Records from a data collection
*** Block opens ***

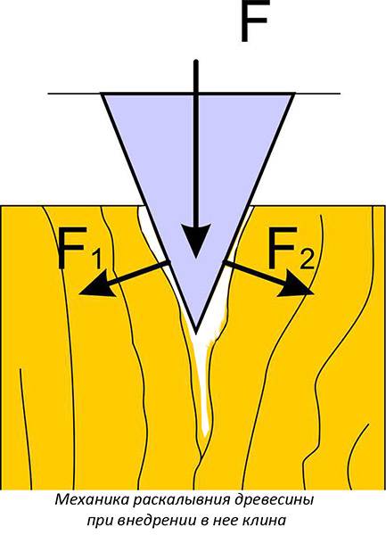 Принцип действия основан на раскалывании полена конусным винтом с крупной упорной резьбой. Данный винт ввинчиваясь в дерево раскалывает его.
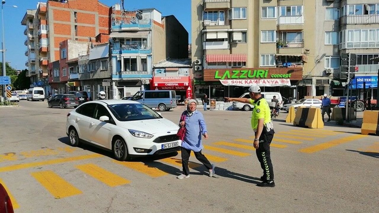 Erdek'te polis ekipleri yaya geçitlerinde öncelik uygulaması yapılırken, yayalara yol vermeyen araç sürücülerine ceza yağdırdı.
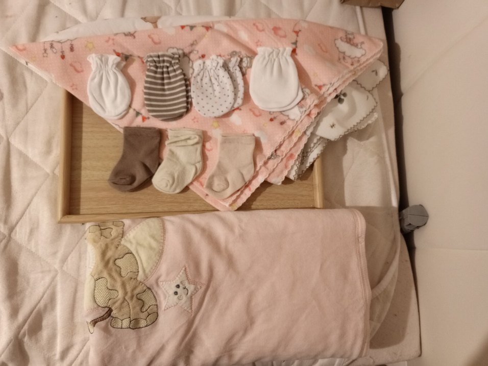 Nakışlı desenlere sahip, pembe ve krem renklerinde yumuşak pamuk çocuk battaniyeleri, sevimli hayvan ve bulut figürleriyle. 2 adet sıfır kullanılmamış polis bebek battaniyesi 1adet soft polar kalın bebek battaniyesi 3 adet 0-6 ay etiketli yeni çorap 4 adet 0-4 ay penye eldiven 6 adet mama önlüğü
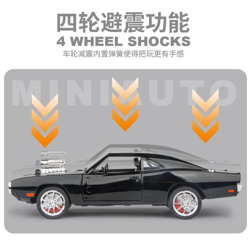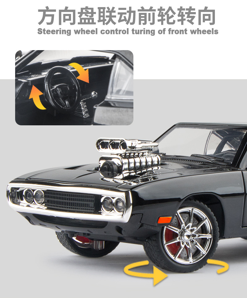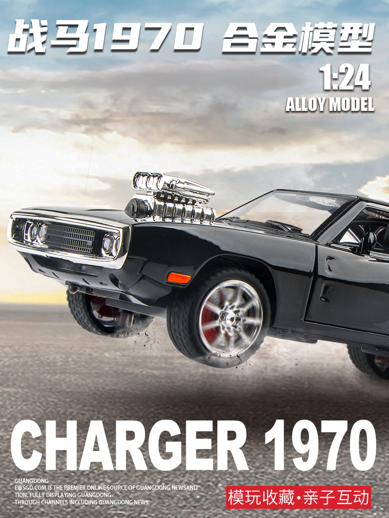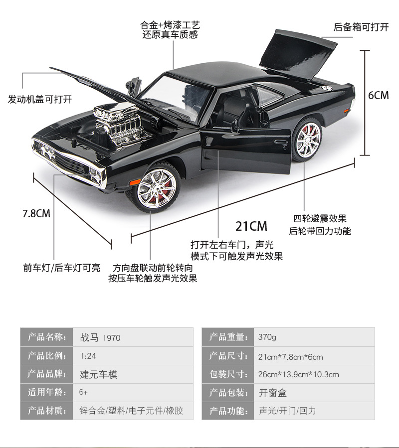 1:24道奇战马1970肌肉车合金声光回力四轮避震前轮转向汽车模型车
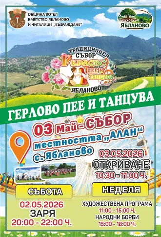 Община Котел, кметство Ябланово и НЧ "Възраждане" съобщават, че традиционният пролетен празник „Герлово пее и танцува“ ще се проведе на 3 май 2026 г. Събитието включва музикални и фолклорни изпълнения, детски програми и традиционни народни борби.

*** Block closes ***

# Task to carry out:
Reproduce exactly the entries from their first line through the line containing "Erdek'te polis ekipleri", including both, and omit any pictures.

# Task response:
 Принцип действия основан на раскалывании полена конусным винтом с крупной упорной резьбой. Данный винт ввинчиваясь в дерево раскалывает его.
 Erdek'te polis ekipleri yaya geçitlerinde öncelik uygulaması yapılırken, yayalara yol vermeyen araç sürücülerine ceza yağdırdı.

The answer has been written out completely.